Thursday, September 11, 2008


September 11, 2008

From time to time I am asked why I am not an American citizen and the answer is that I cannot take ‘the oath’. Whenever there is an election I am reminded that I am disenfranchised. As an alien, I have the privilege of paying taxes, (if I was an appropriate age I could be drafted for the military,) but I do not have a vote. I do not begrudge my host country this reality. At the same time I have been gone from England too long to be afforded an absentee (actually proxy ballot) there, a law that I do begrudge as having no logic except that it is presumably administratively tricky in some way.

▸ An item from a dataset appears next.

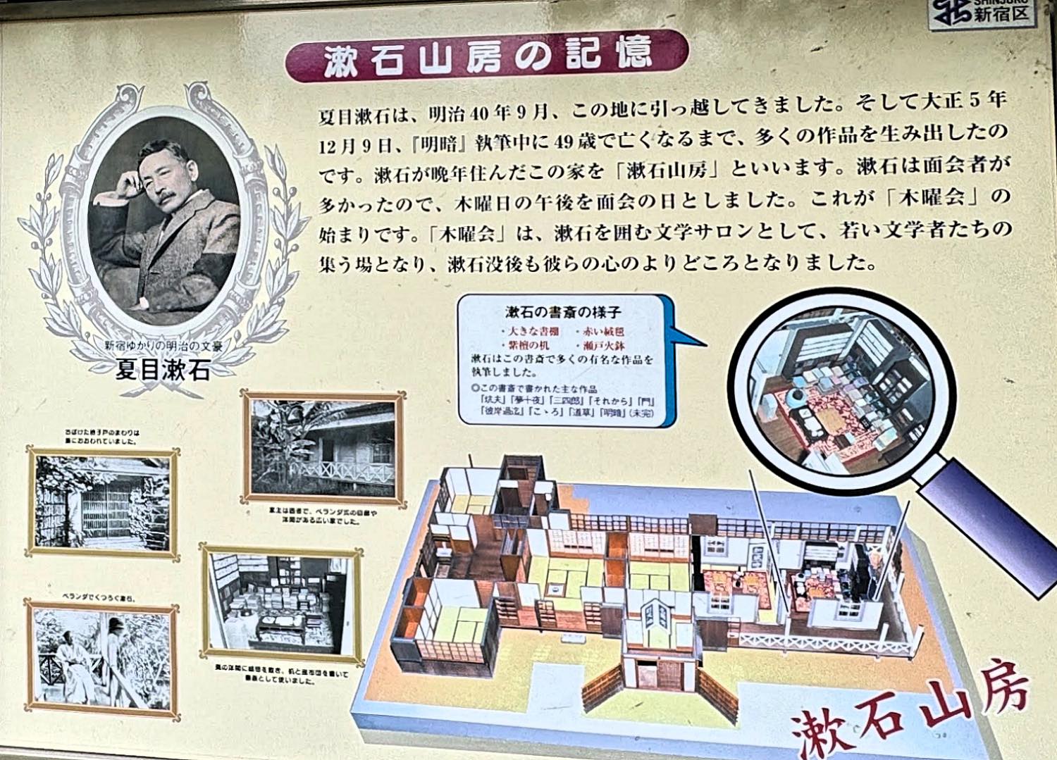 夏目漱石は、明治40年9月、この地に引っ越してきました。そして大正5年12月9日、「明暗」執筆中に49際で亡くなるまで、多くの作品を生み出したのです。漱石が晩年住んだこの家を「漱石山房」といいます。漱石は面会者が多かったので、木曜日の午後を面会の日としました。これが「木曜会」の始まりです。(漱石公園内の案内板より引用)

I also do not begrudge America asking that those who are afforded citizenship become true Americans. That is understood as requiring a renunciation of all other allegiance. I wish that was not such a blunt instrument. I know a number of English people who have taken citizenship who point out that telling the American government that you are renouncing all other allegiance does not mean that the English think you have renounced your citizenship there does not help me. I wish there was some ‘dual’ option, but there is not and the oath does not allow wiggle room. Here it is:

I hereby declare, on oath, that I absolutely and entirely renounce and abjure all allegiance and fidelity to any foreign prince, potentate,

state, or sovereignty, of whom or which I have heretofore been a subject or citizen;

that I will support and defend the Constitution and laws of the United States of America against all enemies, foreign and domestic;

that I will bear true faith and allegiance to the same;

that I will bear arms on behalf of the United States when required by the law;

that I will perform noncombatant service in the Armed Forces of the United States when required by the law;

that I will perform work of national importance under civilian direction when required by the law; and

that I take this obligation freely, without any mental reservation or purpose of evasion; so help me God.